The Politics of NY Crime
Hochul is polling far ahead of Zeldin, but when it comes to crime, she’s had to backpedal a couple of times, as was explained by Liberty Nation Political Columnist Joe Schaeffer. There was the Sept. 16 incident where an axe-wielding man scared the bejesus out of McDonald’s customers and was “promptly released without bail, forcing Hochul to awkwardly demand an explanation.” And, as Mr. Schaeffer pointed out, “Just one month earlier, Hochul had insisted that bail reform had nothing to do with rising crime in the state.”
Zeldin, on the other hand, is adamant about getting tougher on crime and has himself been a victim or near victim in just the last couple of months. In July, while he was on stage during an event, an Army veteran assaulted the congressman with a sharp keychain. The man later said he’d been drinking and didn’t even know who Zeldin was. And then, just this week, two people were shot outside his residence. Although the political contender and his wife were not home at the time, the couple’s 16-year-old daughters were. “They ran upstairs, locked themselves in the bathroom, and immediately called 911,” the candidate for governor said.
But then, as Mr. Zeldin expounded on crime in the city, a reporter asked if this was an appropriate time to discuss politics. “At what point are we supposed to talk about the crime on our own streets?” Zeldin demanded. “I’m standing in front of crime scene tape in front of my own house.”
New York Crime Defined
Although there has been a slight decrease in New York City homicides, five major-index crime categories have seen an uptick in their numbers. The NYPD released its September report, which showed an increase of 15.2% in the overall index compared to the same time last year. Of the major categories, burglary went up by 22.7%, grand larceny auto saw a 21.5% rise, and grand larceny rose 21.3%.

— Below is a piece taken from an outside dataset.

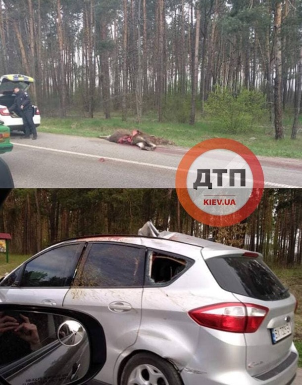 На Житомирській трасі за 93 кілометри від Києва сьогодні, 30 квітня, автомобіль збив лося. Про це повідомляє телеграм-канал ДТП.kiev.ua.

“For the first time in ages, polls suggest, New Yorkers are wary of crime as they walk down the street or ride the trains,” The New York Times reported. In the Big Apple, nearly 30% of the people “live below the city’s poverty line,” which only adds to the fear and frustration in certain neighborhoods.

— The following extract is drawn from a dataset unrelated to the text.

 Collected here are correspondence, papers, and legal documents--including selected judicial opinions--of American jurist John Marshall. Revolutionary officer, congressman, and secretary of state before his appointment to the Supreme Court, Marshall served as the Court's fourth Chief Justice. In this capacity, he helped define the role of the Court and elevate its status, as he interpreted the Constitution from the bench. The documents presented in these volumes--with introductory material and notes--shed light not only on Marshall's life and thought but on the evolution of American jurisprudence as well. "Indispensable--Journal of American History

Recent media coverage of horrible instances happening in the city, especially in the subway system, has garnered fear among residents. Some of the latest stories include a man who was pushed onto the subway tracks, another man trying to commute home to Brooklyn who was stabbed to death, and a gang of women who attacked and robbed two other women near Times Square. Even former New York Democratic Governor David Paterson said he felt less safe than ever before:
“For the first time in my life—even in the late eighties and nineties when the crime rate was killing 2,000 people a year, I never felt as unsafe as I do now just walking around and God forbid, sometimes we take the subway home from WABC, and you’re hearing about an assault on the subway almost every other day.”
During a recent radio interview on The Cats Roundtable with John Catsimatidis, Paterson said that when it comes to crime, Democrats have a “blind spot,” especially regarding repeat offenders. Even though it is a small percentage of people in the jail system, he explained that offenders are getting arrested “20, 30, 50 times.”
Many critics blame the state’s catch-and-release program for the increase in criminal activity, while others say there’s no proof that this is causing a change in the numbers. Back in July, when serious New York crime was up by 40%, Mayor Eric Adams lambasted the procedure, saying, “Catch, release repeat’ cannot be a criminal justice mantra.” He added, “They’re repeated offenders, and if we don’t stop that flow, we’re going to have a harder time of getting these numbers under control.”
Last month, the mayor was criticized when he seemingly insulted Kansas, saying, “We have a brand. New York has a brand. And when people see it, it means something … Kansas doesn’t have a brand. When you go there, okay, you’re from Kansas. But New York has a brand.” Paterson, however, thinks Adams needs to be careful when talking about the ‘brand’:
“Mayor Adams says that New York City has a brand—it does have a brand if we don’t start adjusting to some of the situations that we’re in right now. That brand is not going to carry the weight and the tremendous allure that New York City has always offered to the country.”
Adding to this problem is Manhattan District Attorney Alvin Bragg, who has refused to prosecute anyone who hasn’t committed a serious offense. While he claims this will help ease the instances of lawbreaking, critics are appalled and demand that crimes must be prosecuted.
So, if the left’s idea of fixing criminality is so grand, why is the Empire State seeing more violent activity?